Addressing the topic, "Living a Facebook Life in a Google World," senior honors student Preston Swincher will be the first student to ever be the featured speaker at the Honors Convocation, a university official said.

Ron Pitcock, assistant director of the Honors Program, developed the idea to select a student speaker. Pitcock said he is constantly amazed at the intelligence of the honors students he interacts with.

"I am regularly struck by the ways in which they present their ideas, which led me to believe that this was a possibility," he said.

Honors Convocation
When: 11 a.m. Thursday
Where: Ed Landreth Auditorium
Admission is free and open to the public.

Swincher, a senior entrepreneurial management and musical theatre major and honors student, was the winner of the Honors Program's first oratorical competition. Pitcock chose the topic and gave students the freedom to expand their speech in any direction they wanted. The competitors gave their speeches before a panel of judges, who looked for a speech with academic merit that would challenge an audience, Pitcock said.

Swincher said he entered the oratorical competition because he found the topic of the Internet's global and personal influence intriguing. He said he hopes his speech, titled "How the Internet Crashed Our Party," will get the audience thinking about something they have never thought about before.

"My speech is about how the Internet is bringing everyone in the world closer together in a global way and how that is going to change the way we, as a consumer society, relate to other nations and societies that are less fortunate than us," he said.

Swincher said he is more excited than nervous to present his speech at Honors Convocation.

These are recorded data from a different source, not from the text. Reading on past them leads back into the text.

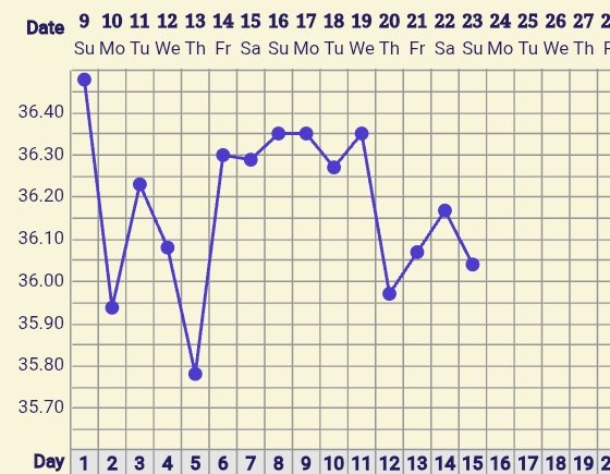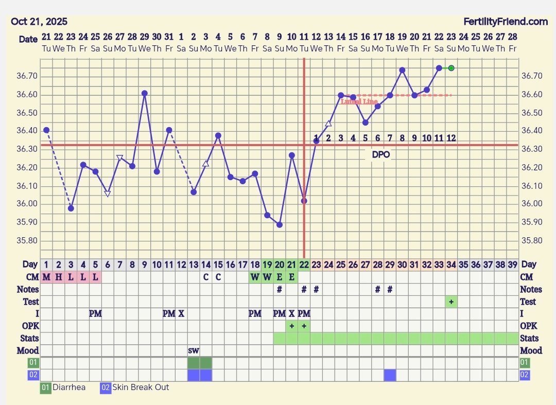 mä oon vähä ristiriitasissa fiiliksissä oviksen suhteen. ff näytti eilen sen kolmion tossa lämmönnousun kohdalla. mulla on useesti kierroissa kolme ekaa päivää oviksen jälkeen melko matalia, joten hyväl tuurilla vois huomenna vahvistaa👀 limat loppu ainakin. testit ei ollu kauheen tummia, mutta mulla ei koskaan tummu ja/tai huippu niin nopee et harvoin oon saanu kiinni. tai sit on viivat vaan kkm jäljiltä edelleen. mutta jänskiä päiviä!
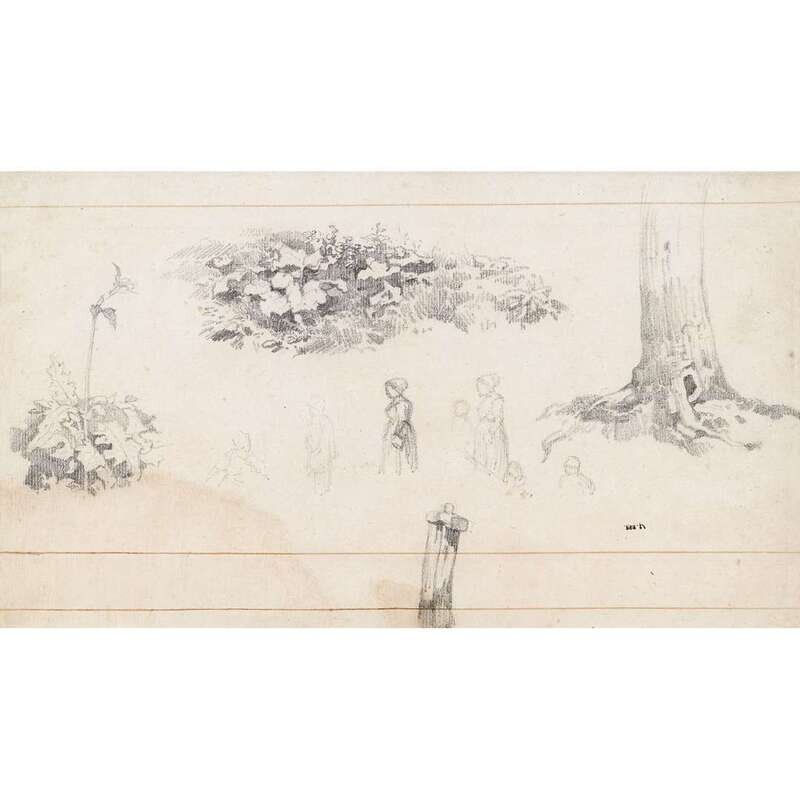 THÉODORE ROUSSEAU (FRENCH 1812-1867) SKETCH OF PLANTS, TREES, AND FIGURES
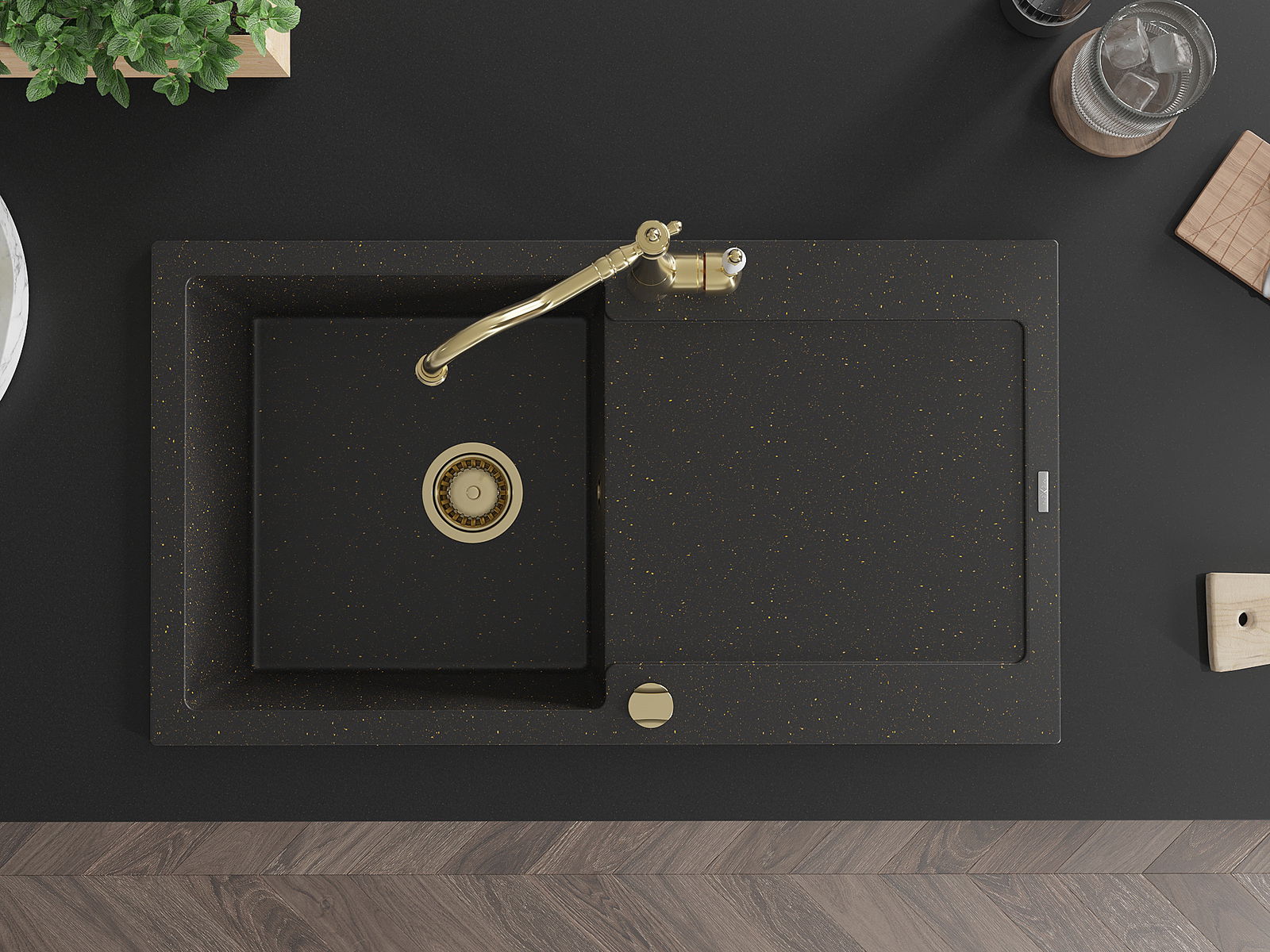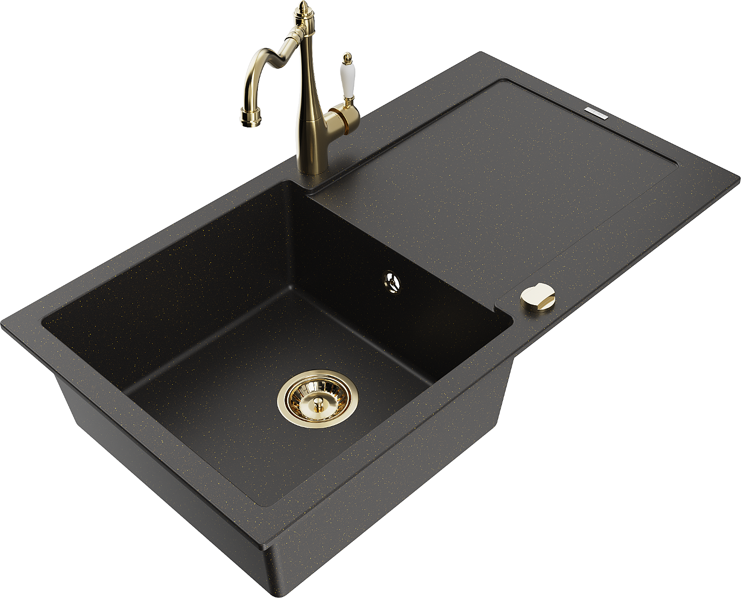 Mexen Leo zlewozmywak granitowy 1-komorowy z ociekaczem i baterią kuchenną Carla, czarny/złoty metalik - 6501-75-670700-50
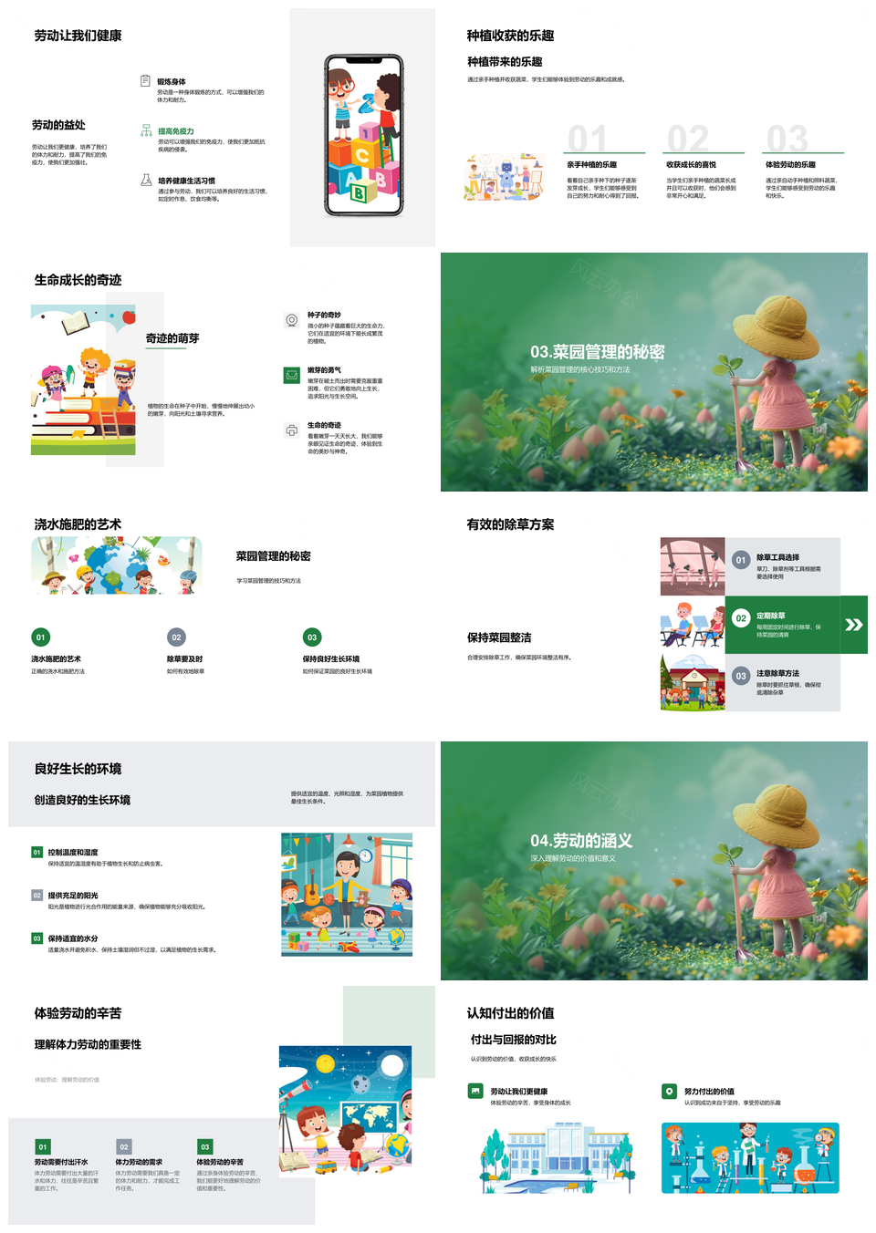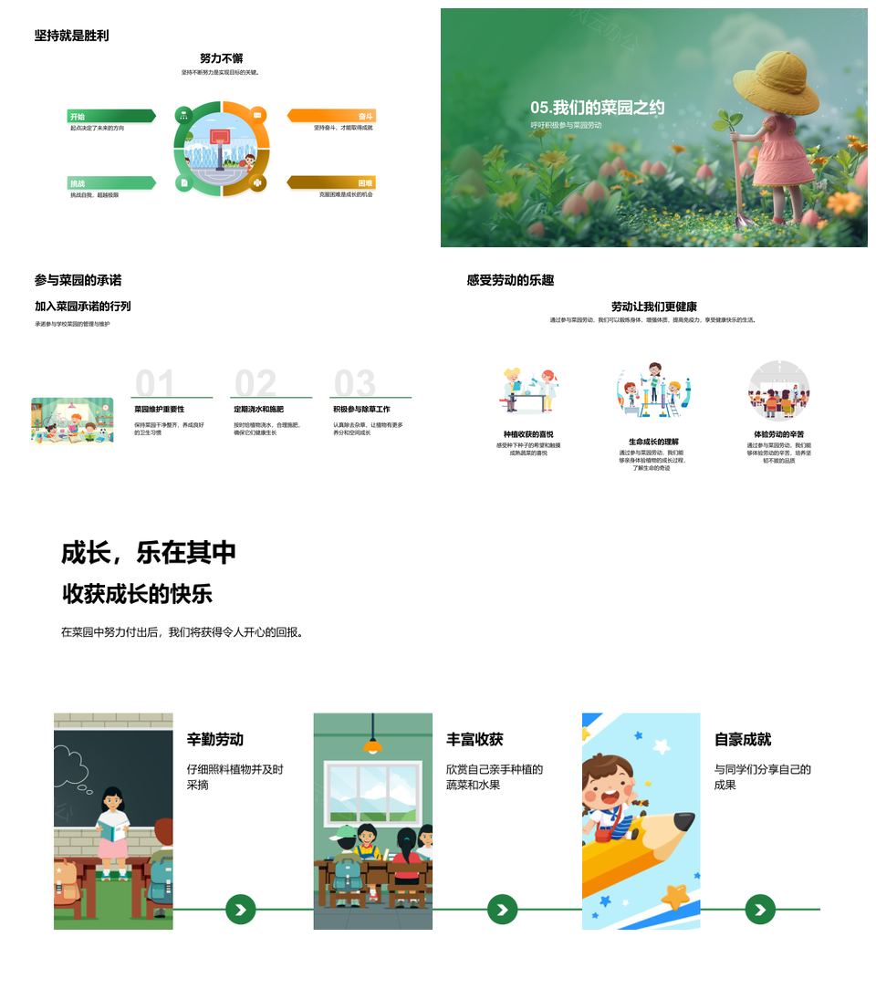 2025五年级菜园劳动实践教学成长价值管理PPT模板推荐
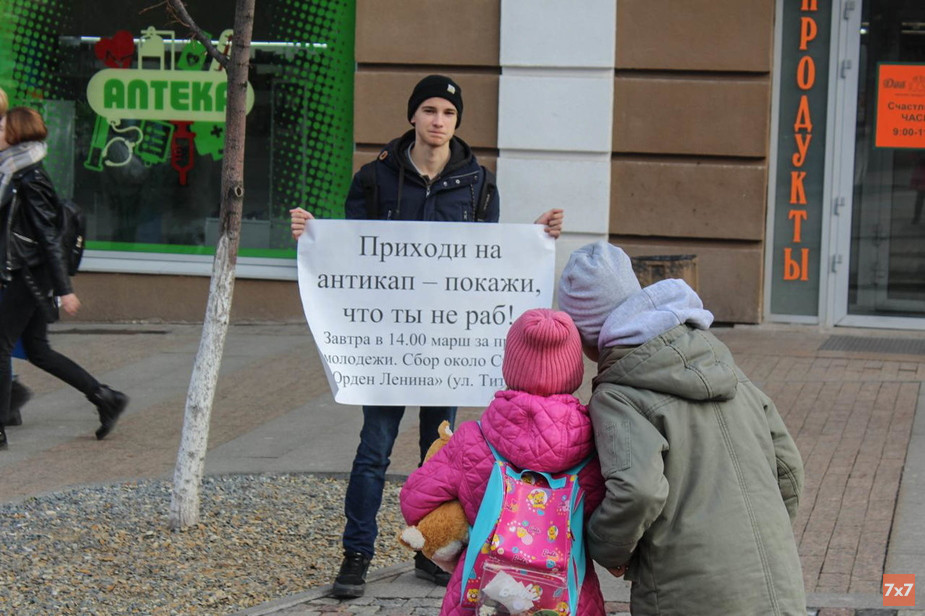Накануне марша комсомольцы вышли на одиночные пикеты в центре города и пригласили горожан на акцию. На одном из плакатов они написали: «Приходи на антикап — покажи, что ты не раб».
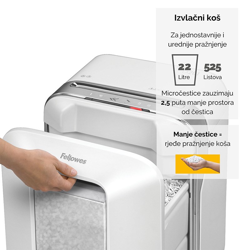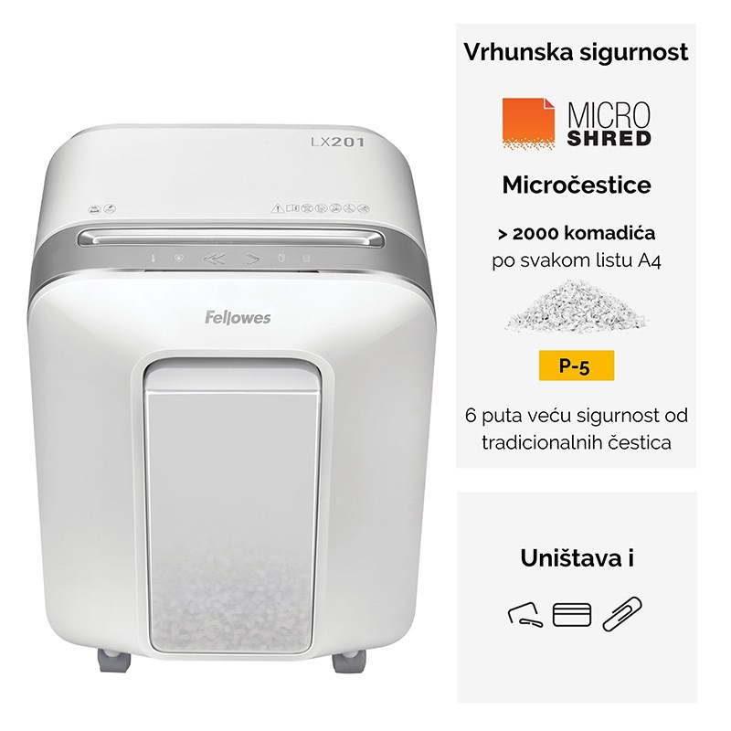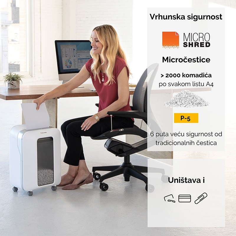 Uništava istovremeno do 12 listova na Micro-Cut od 2 x 12 mm (sigurnosna razina DIN P-5)
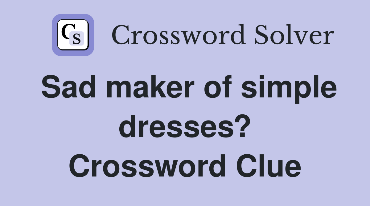 Sad maker of simple dresses? Crossword Clue Answers Crossword Solver

"My performance experience has made me unafraid to speak passionately about something," he said.

Nate Arnold, a senior business information systems and marketing major and honors student, said he is looking forward to listening to a peer speak, especially on the subject of technology.

"I think he will be able to relate to the topic and to the students in the audience better than an outside speaker would," Arnold said. "Having a student speaker really highlights the hard work of the honors students."